GOAL OF THE EXERCISE
Would you retype the listing word for word, skipping its pictures?

STORED DATA
=== Begin Enclosure ===
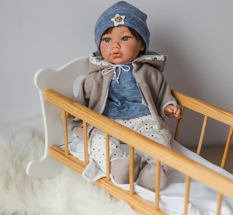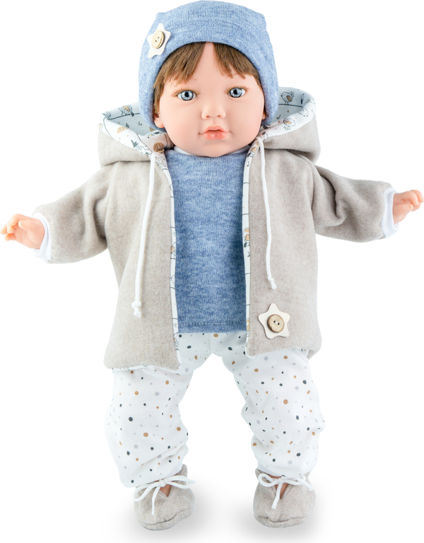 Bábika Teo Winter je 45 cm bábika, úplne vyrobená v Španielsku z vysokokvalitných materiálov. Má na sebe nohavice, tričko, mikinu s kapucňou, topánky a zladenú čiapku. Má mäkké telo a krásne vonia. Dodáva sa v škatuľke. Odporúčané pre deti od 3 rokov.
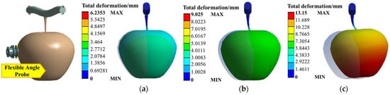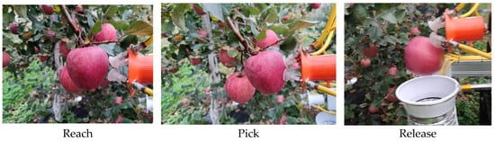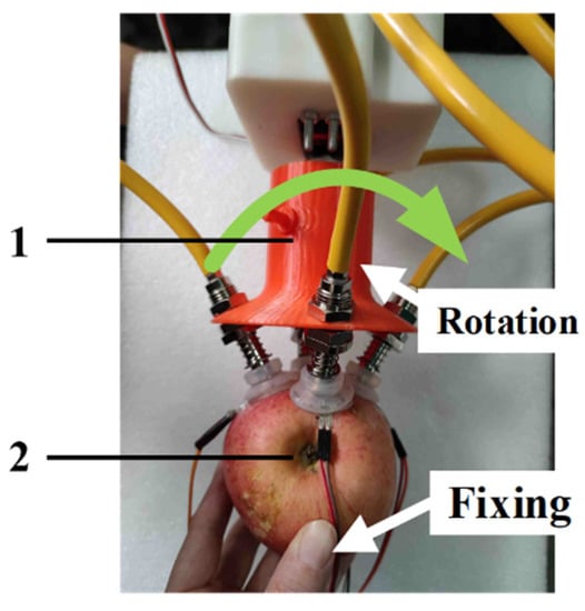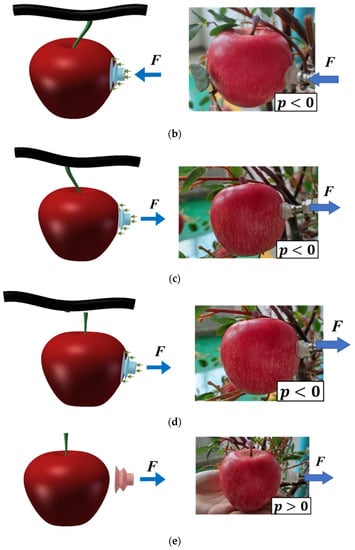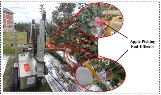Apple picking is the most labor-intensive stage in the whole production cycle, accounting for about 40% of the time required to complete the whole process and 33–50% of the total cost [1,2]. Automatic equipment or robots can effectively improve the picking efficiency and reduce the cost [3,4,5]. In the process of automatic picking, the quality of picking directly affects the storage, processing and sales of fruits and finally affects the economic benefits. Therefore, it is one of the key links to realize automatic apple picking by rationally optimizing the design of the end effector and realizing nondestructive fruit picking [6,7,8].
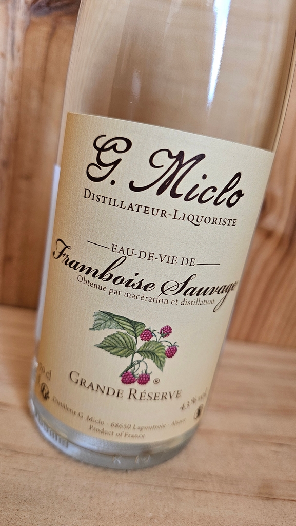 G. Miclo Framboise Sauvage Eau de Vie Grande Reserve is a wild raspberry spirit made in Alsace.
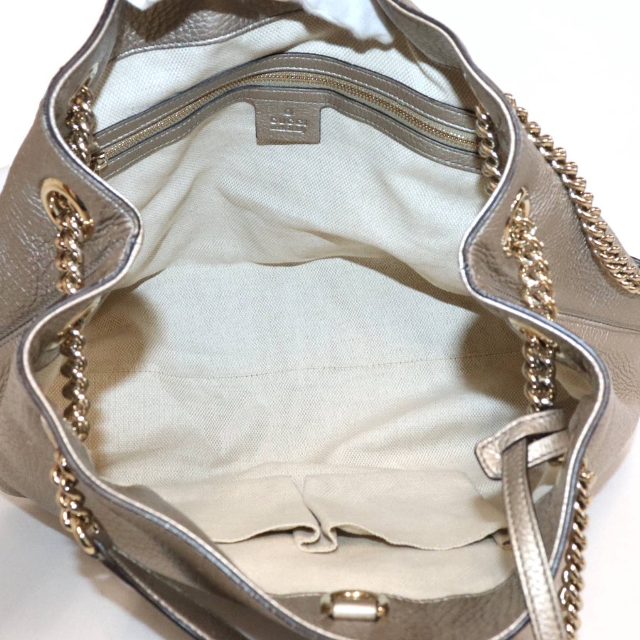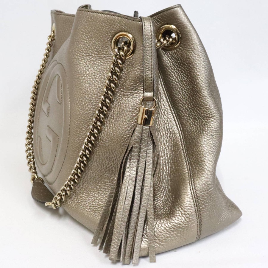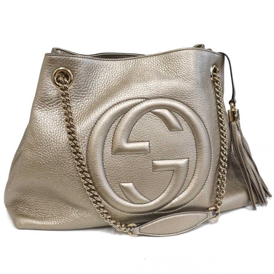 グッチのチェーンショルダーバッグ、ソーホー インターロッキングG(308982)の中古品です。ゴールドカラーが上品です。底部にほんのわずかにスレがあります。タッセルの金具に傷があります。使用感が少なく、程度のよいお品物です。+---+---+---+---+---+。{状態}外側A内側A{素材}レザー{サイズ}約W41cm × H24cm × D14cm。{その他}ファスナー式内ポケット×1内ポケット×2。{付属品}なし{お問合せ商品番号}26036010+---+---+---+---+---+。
=== End Enclosure ===
RESPONSE TO THIS TASK
 Bábika Teo Winter je 45 cm bábika, úplne vyrobená v Španielsku z vysokokvalitných materiálov. Má na sebe nohavice, tričko, mikinu s kapucňou, topánky a zladenú čiapku. Má mäkké telo a krásne vonia. Dodáva sa v škatuľke. Odporúčané pre deti od 3 rokov.
Apple picking is the most labor-intensive stage in the whole production cycle, accounting for about 40% of the time required to complete the whole process and 33–50% of the total cost [1,2]. Automatic equipment or robots can effectively improve the picking efficiency and reduce the cost [3,4,5]. In the process of automatic picking, the quality of picking directly affects the storage, processing and sales of fruits and finally affects the economic benefits. Therefore, it is one of the key links to realize automatic apple picking by rationally optimizing the design of the end effector and realizing nondestructive fruit picking [6,7,8].
 G. Miclo Framboise Sauvage Eau de Vie Grande Reserve is a wild raspberry spirit made in Alsace.
 グッチのチェーンショルダーバッグ、ソーホー インターロッキングG(308982)の中古品です。ゴールドカラーが上品です。底部にほんのわずかにスレがあります。タッセルの金具に傷があります。使用感が少なく、程度のよいお品物です。+---+---+---+---+---+。{状態}外側A内側A{素材}レザー{サイズ}約W41cm × H24cm × D14cm。{その他}ファスナー式内ポケット×1内ポケット×2。{付属品}なし{お問合せ商品番号}26036010+---+---+---+---+---+。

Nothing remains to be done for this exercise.